Most of the cuisine of my senior year of college isn’t worth revisiting.

Mostly I remember lots and lots of steamed rice with soy sauce, and too much macaroni and cheese from a box, not to mention lots of take-out.

Another staple of my kitchen table brought together two food items sacred to any college senior — beer and pizza.

Someone in the newsroom of the Boston U. Daily Free Press had lucked into a fact-a-day calendar put out by Samuel Adams, the hometown brewer that, in those days, was at the forefront of the developing craft-brew movement.

One of the page-a-day entries featured a dirt-simple recipe for thick-crust pizza.

All it took was white flour, wheat flour, baking powder and a bottle of Sam Adams Boston Lager, along with whatever toppings were desired.

The recipe, in my unsteady hand.

I didn’t often have Sam Lager in my fridge back then, due to its relative cost. But I always had beer — inoffensive pale golden beer, perfect for mixing into baked goods.

A little tomato sauce and cheese from the nearby Purity Supreme grocery store (dubbed “Poverty Supreme” for its general grunginess), and you had yourself a warm, filling, homemade dinner. Nay — a warm, filling, homemade pizza dinner with beer. What more could a 21-year-old wish for on a chill New England evening?

To this day, my wife and I still have that fact-a-day calendar entry somewhere in our recipe files. It pops up every couple of years.

And you know where I’m going with this: I got the urge into my head to make it again.

Even though I have come to strongly prefer crisp, thin-crust pizza. Even though I am no longer 21. And even though I should know better than to do stuff like this … I still wanted to do it anyway.

So, I provisioned myself today with the bare necessities, and set about cooking.

I should have opted for either Sam Lager (to be true to the recipe) or some trashy canned beer (to be historically accurate.)

Instead, faced with a dizzying variety of beer, I chose a decent-looking lager more or less at random — Frankenmuth Brewery Pilsener, from Frankenmuth, Michigan. I knew it wouldn’t be too hoppy, anyway, which is the biggest concern when you cook with beer.



The main ingredient goes in.

Jarred pasta sauce is true to 1995, though the Wegmans house brand is probably better than whatever I was buying then.


Ready for the oven. Yes, there are some onions scattered over one corner. I’m weird like that.

Thirty minutes at 425 degrees produced a nicely done if rather dark-topped pizza. (I seem to remember they looked like that in 1995, too.)

Done. (And poorly lit. It didn’t really look quite this diseased.)

Side-angle shot shows thickness of crust.

I thought it was OK, maybe even better than I remembered.

The crust was fairly light and not too bitter — it tastes a little of beer, but not in a bad way. The whole wheat flour lent the recipe a little bit of heft without making it leaden. The tomato sauce and cheese, meanwhile, were tomato sauce and cheese.

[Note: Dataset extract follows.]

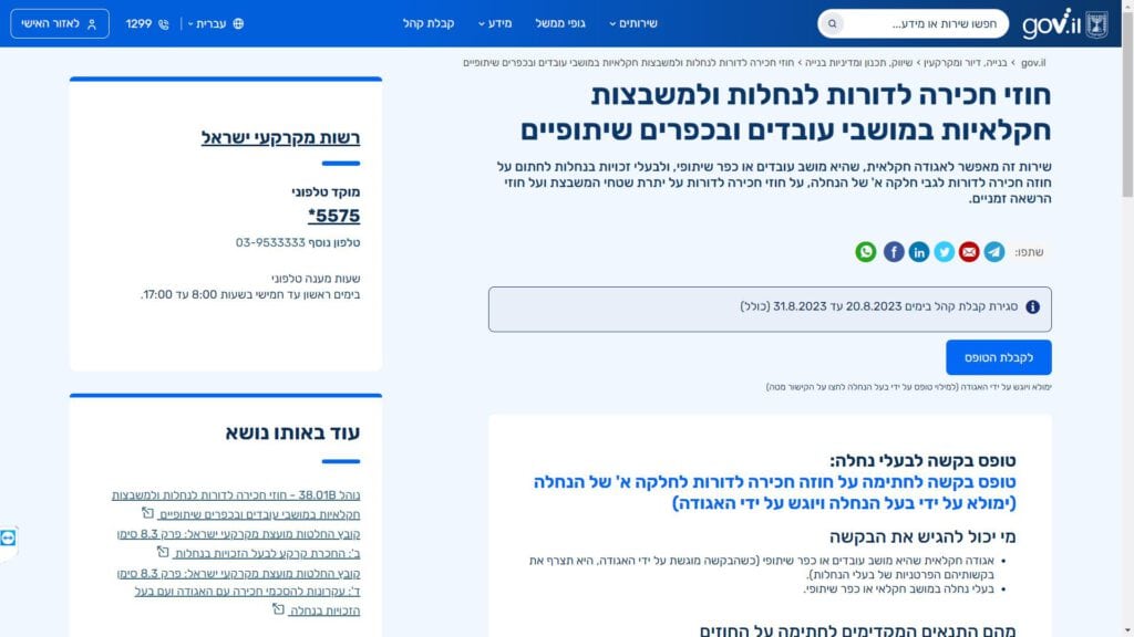 גוף שיתמוך בשאלות על טופס חוזי חכירה לדורות לנחלות ולמשבצות חקלאיות במושבי עובדים ובכפרים שיתופיים

My kids weren’t totally sold on it; at one point my younger son referred to it as “gross-crust pizza.”  Most of the pizza in the pan — I’d say 85 percent of it — disappeared anyway.

I might actually make this again on some weekend night when I find myself short on inspiration and bereft of ingredients except cheese, sauce, flour and beer.

I couldn’t tell you anything I learned in my senior-year college classes, but I’m glad to offer you a quick and useful pizza recipe if you want it.

My parents must be speechless with disappointment.